И чуть далее Мишель Пессель продолжает:
«Мы расчертили свое существование на клеточки и убили неожиданность. Этим, на мой взгляд, объясняется скука, на которую жалуется добрая часть жителей Запада. Мы подорвали свою способность бороться с неуверенностью. Поэтому каждый кризис застает нас врасплох и вызывает такую панику. Одно из последствий излишка доверия — это потеря сопротивляемости. Малейший сбой в запланированном существовании порождает слепой страх перед абсурдностью мироустройства. В этом причина всех наших «комплексов», неведомых бутанцам.
В отличие от нас они готовы к неожиданностям и в определенной мере редко подвержены разочарованиям.
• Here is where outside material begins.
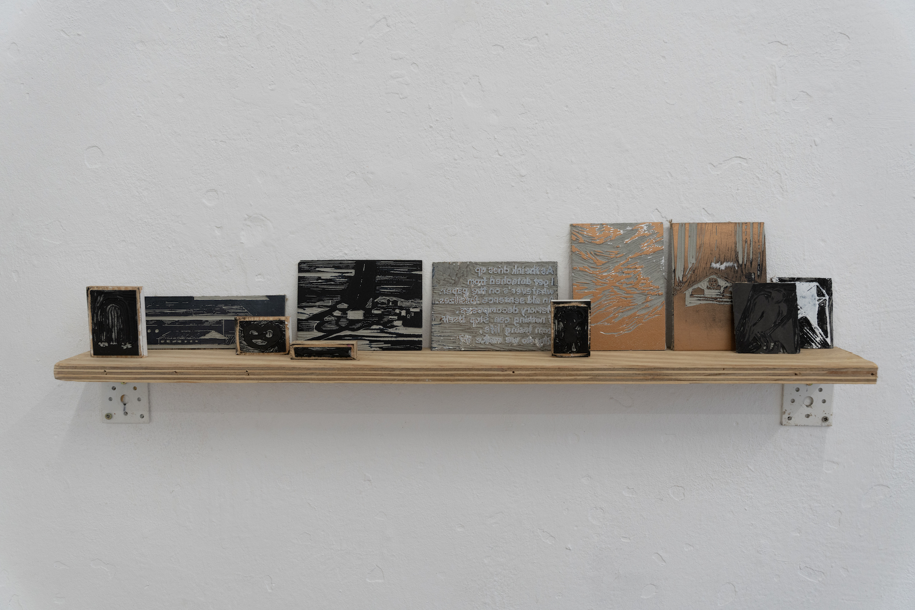 Her work also highlights how prints reproduce their own mirror images, and how the use of pressure is always required in the process. This is represented by the sentences printed with linocut, which imply the powerplay in misogynistic and racist encounters she has experienced. Her goal is to experiment further with such characteristics of prints in order to reflect on the relationships she builds with people and cities.

Они умеют куда лучше нас наслаждаться моментом, принимают жизнь такой, какая она есть, и стараются извлечь максимум из счастливого события или выпавшей на их долю удачи».
И еще чуть далее:
«Вообще говоря, предметы хозяйственного быта, которые мы считаем порождением нашей культуры, по-видимому, являются производными окружающей среды. Почему в Бутане люди «изобрели» те же сельскохозяйственные орудия, те же глиняные горшки, те же бочонки и даже ту же архитектуру, которую мы видим в европейских районах со схожим климатом? Индийца или китайца удивили бы в Бутане маслобойки, деревянные седла, кровли домов, форма дверей, лопаты на длинных ручках, величина сохи, сложенный во дворе кизяк и толстобрюхие коровы, никак не похожие на брахманскую породу и водяных буйволов Индии или Южного Китая. Но мне все это было знакомо.
Излишне, видимо, говорить, что в прошлом между Западной Европой и Бутаном не было никаких контактов. Гигантские просторы в тысячи километров разделяют Альпы и бутанские Гималаи. Но сходство бросается в глаза в мельчайших деталях.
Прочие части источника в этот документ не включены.